PALESTINE:Freed BBC journalist Alan Johnston yesterday likened his four months of captivity in Gaza to a feeling of being "buried alive," and said a radio that picked up BBC programmes, including ones issuing calls for his release, had helped sustain him through "waves of depression".
"The last 16 weeks, of course, were just the very worst you can imagine of my life, like being buried alive, really, removed from the world," Johnston said in the coastal strip, immediately after he was freed by a group calling itself the Army of Islam.
Johnston, who turned 45 in captivity, said he had "dreamt many times of being free and always woke up back in that room. Now it really is over and it is indescribably good to be out." Looking gaunt but smiling broadly, Johnston made his first comments from the office of deposed Hamas prime minister Ismail Haniyeh in Gaza City and later in the day spoke to reporters at a news conference at the British consulate in Jerusalem.
He said he spent most of his time in captivity with one man, "a strange guy who barely spoke to me for days and would just glare at me and fly into rages at tiny things - a door slamming or whatever - and then at other times, once a fortnight, he would come across completely different and friendly, especially if he thought it might be coming to an end, the whole kidnapping."
At one point, Johnston said, the guard invited him to watch television, and he saw his father giving a press conference calling for his release.
Johnston said that after he got sick from the food he was initially being fed, his captors altered his diet and began feeding him eggs, bread and cheese. There was one 24-hour period, he said, when he was chained to a wall.

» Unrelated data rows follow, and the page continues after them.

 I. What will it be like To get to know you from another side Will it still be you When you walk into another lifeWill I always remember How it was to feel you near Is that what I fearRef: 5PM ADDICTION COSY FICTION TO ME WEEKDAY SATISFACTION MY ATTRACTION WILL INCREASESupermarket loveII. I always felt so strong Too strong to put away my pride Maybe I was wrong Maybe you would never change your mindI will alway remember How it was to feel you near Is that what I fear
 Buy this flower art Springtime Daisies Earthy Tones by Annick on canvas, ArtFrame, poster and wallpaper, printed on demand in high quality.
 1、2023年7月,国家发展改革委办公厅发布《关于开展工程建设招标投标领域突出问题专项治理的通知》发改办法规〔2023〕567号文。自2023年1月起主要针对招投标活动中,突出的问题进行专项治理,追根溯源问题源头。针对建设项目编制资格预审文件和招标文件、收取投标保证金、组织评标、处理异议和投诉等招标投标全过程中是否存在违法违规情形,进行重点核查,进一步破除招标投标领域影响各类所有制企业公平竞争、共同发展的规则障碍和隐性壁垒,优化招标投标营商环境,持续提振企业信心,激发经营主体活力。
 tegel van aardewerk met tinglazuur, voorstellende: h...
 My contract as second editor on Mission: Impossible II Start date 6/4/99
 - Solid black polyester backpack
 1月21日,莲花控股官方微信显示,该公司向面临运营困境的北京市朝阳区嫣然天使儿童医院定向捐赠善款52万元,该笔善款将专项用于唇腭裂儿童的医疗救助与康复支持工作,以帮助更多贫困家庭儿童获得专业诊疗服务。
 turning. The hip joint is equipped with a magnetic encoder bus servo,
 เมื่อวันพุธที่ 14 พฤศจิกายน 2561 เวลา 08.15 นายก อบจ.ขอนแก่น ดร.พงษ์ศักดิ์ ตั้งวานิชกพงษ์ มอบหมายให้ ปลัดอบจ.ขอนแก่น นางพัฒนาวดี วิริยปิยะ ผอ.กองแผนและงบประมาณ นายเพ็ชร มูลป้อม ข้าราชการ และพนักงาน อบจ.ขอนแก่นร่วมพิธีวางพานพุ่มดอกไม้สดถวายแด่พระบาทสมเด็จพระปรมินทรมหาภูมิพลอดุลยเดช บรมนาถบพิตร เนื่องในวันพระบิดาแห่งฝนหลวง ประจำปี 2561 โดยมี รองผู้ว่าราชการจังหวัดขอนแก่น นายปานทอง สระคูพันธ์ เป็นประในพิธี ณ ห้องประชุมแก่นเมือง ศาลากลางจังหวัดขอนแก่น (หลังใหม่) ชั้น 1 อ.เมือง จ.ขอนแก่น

Asked about two video tapes of him that were released by his captors, Johnston said he had been forced to read prepared texts. In the second video tape, Johnston appeared with an explosive belt around his waist, but yesterday he said he did not know if the belt was real. "To be honest, they hold all the cards in that situation, those guys, and I just decided that nobody takes these kind of videos very seriously," he said.

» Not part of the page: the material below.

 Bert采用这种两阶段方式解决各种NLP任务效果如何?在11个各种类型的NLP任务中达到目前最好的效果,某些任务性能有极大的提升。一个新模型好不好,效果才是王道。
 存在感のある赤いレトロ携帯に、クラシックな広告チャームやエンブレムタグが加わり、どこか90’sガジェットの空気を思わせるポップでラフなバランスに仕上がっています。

Asked about the group that had held him, Johnston said they were focused less on the Palestinian conflict with Israel and were more angry with the West.
The messages of support he heard on BBC broadcasts, he said, were an immense source of comfort. He recalled hearing how technicians at the Glastonbury rock festival had downed their tools in an expression of solidarity and that actors opopular soap opera EastEnders had taken a two-minute break to demand his release. "I'm so immensely grateful for that, and I will be all my life," he said.
The Scottish journalist, who worked for the BBC in Gaza for three years, said there were times he was unsure he would survive.
During his first night in captivity, Johnston said the leader of the group that had abducted him appeared with his face covered in a red-and-white headscarf and told him he would not be harmed. But a short while later, he recalled, he was woken, and his captors "put a hood over my head again, and handcuffed me, and took me out into the night, and of course you really wonder how that might end". The only time his captors treated him violently, he said, was right at the end of his ordeal, as they drove him through Gaza to hand him over. During the ride, he said, they were "slamming my head".
Three weeks ago, while in captivity, Gaza descended into civil war as Hamas and Fatah forces battled each other, with the Islamic movement ultimately taking control of the entire strip. "There was something uniquely depressing . . . about being kidnapped and lying in your hideout when the forces of law and order are killing each other in a very intense way in the streets around instead of actually looking for you," he said.
But the Hamas takeover of Gaza ultimately led to his release. He said his captors suddenly lost confidence after Hamas took control of Gaza. "I'm pretty sure if Hamas hadn't come in and stuck the heat on in a big way, I'd still be in that room."
Johnston said he did not have any plans to return to Gaza in the immediate future. "I spent three years covering Gaza as a correspondent and I spent four months in solitary confinement there, and I feel - enough already with Gaza. You know, maybe I'll go back when it's a member of the EU."